Page:Ivoi - La Mort de l’Aigle.djvu/291

Le texte de cette page a été corrigé et est conforme au fac-similé.

Espérat, la perche, le bateau se rapprochèrent de quelques centimètres.

— Bravo, fit encore Bobèche, l’appareil fonctionne ; continuons… Nous demanderons le monopole à l’Empereur… Navigation sur terre ; cela fera fureur, il y a si longtemps que les bateaux vont sur l’eau.

Il recommença.

L’attention des Prussiens n’avait pas encore été attirée. De temps à autre, une salve de coups de fusils partait de l’une ou de l’autre rive. Les balles passaient en volées sifflantes dans le taillis, mais rien n’indiquait que la barque « et ses accessoires » (ainsi le pitre désignait l’ensemble formé par la perche et son compagnon) fussent le point de mire des tireurs.

Milhuitcent était à présent sous le couvert, auprès du comédien ; l’embarcation, à demi hors de l’eau, appuyait son avant sur la grève avec la silhouette d’un cétacé échoué.

Le gamin se dressa sur ses pieds :

— Un effort sérieux, dit-il, il s’agit d’amener le canot dans le fourré, sans laisser à ces Prussiens le temps de l’avarier.

Et tous deux s’attelant à l’extrémité de la gaffe, s’élancèrent en avant.

Un long grincement de la quille glissant sur le sable, des exclamations sur les berges, puis une tempête de détonations, se produisirent.
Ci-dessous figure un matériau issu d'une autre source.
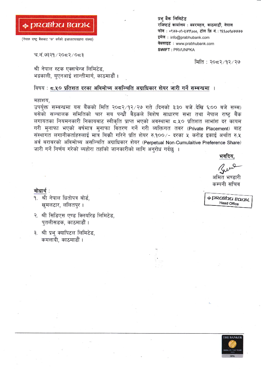 प्रभु बैंकले अविमोच्य असञ्चिति अग्राधिकार सेयर जारी गर्ने
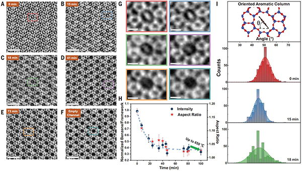 图一、对苯吸附过程中原位STEM系统沸石通道的变形进行成像
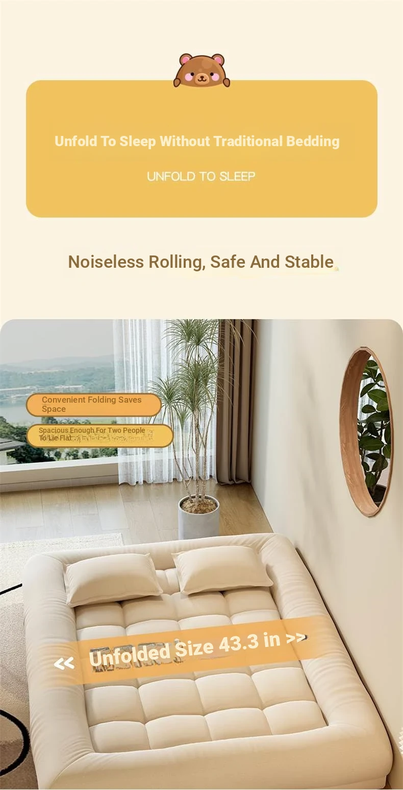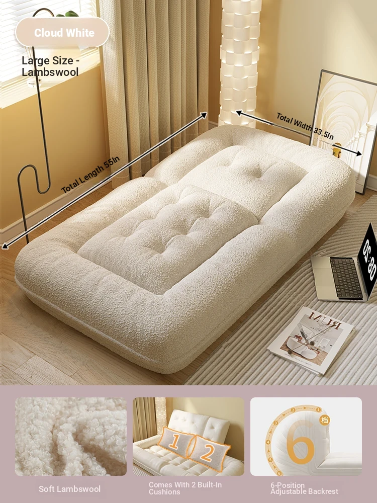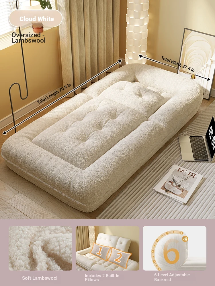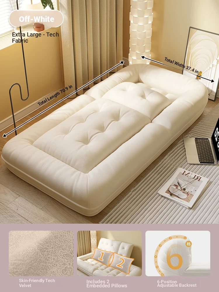 Flagship⭐[Unfold 70.87in_37.40in] Upgrade Technology Cloth Flannel-White (Give Backrest + Cushion)
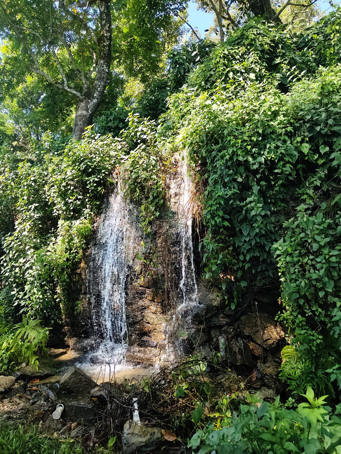 Alternative Text: A serene waterfall cascades over a rocky surface, surrounded by lush greenery and various types of foliage.
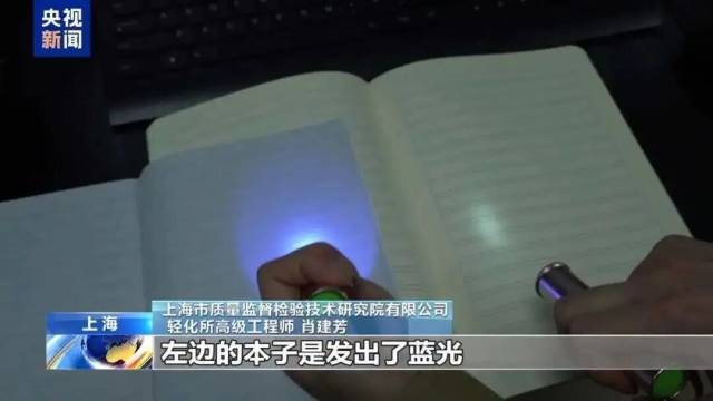 上海市质量监督检验技术研究院有限公司轻化所高级工程师 肖建芳:我教大家一个小窍门,通过荧光剂的检测手电筒可以看作业本中是否含有荧光增白剂。
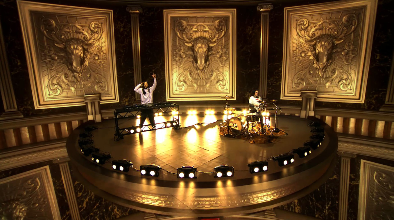 The design featured two distinct performance spaces, and each act received a bespoke virtual lighting design for their performance. Certain musical elements got special treatment with laser-like pans, quick strobes, and full scene lighting hits. The team's playful design approach and virtual production workflow made the creation of this impressive space possible in a short time frame.

— Trop tard, s’écria Milhuitcent… nous avons réussi.

Puis se rejetant à terre :

— Fais comme moi, Bobèche… et ne bougeons pas. Ils vont se figurer que nous traversons l’île et tireront en avant de nous.

En effet, la fusillade continua à crépiter, mais les projectiles n’arrivaient pas à l’endroit où les fugitifs se tenaient immobiles.

L’enfant avait pressenti le raisonnement des ennemis.

Peu à peu cependant les coups de feu s’espacèrent, se firent rares. Les soldats se lassaient de tirer sur l’îlot boisé, où il leur était impossible de juger de l’effet de leur mousqueterie.

La lune, qui à ce moment ne faisait qu’une courte apparition au-dessus de l’horizon, parcourait sa courbe descendante. Espérat la montra à son ami :

— Quand elle sera couchée, nous nous lèverons.

— Compris.

Et tous deux demeurèrent cois, les yeux fixés sur le disque argenté se mouvant avec lenteur dans le ciel parsemé d’étoiles.

Mais bientôt Bobèche s’agita en grommelant :

— Je gèle ici.

— Il gèle aussi ailleurs, riposta le jeune garçon.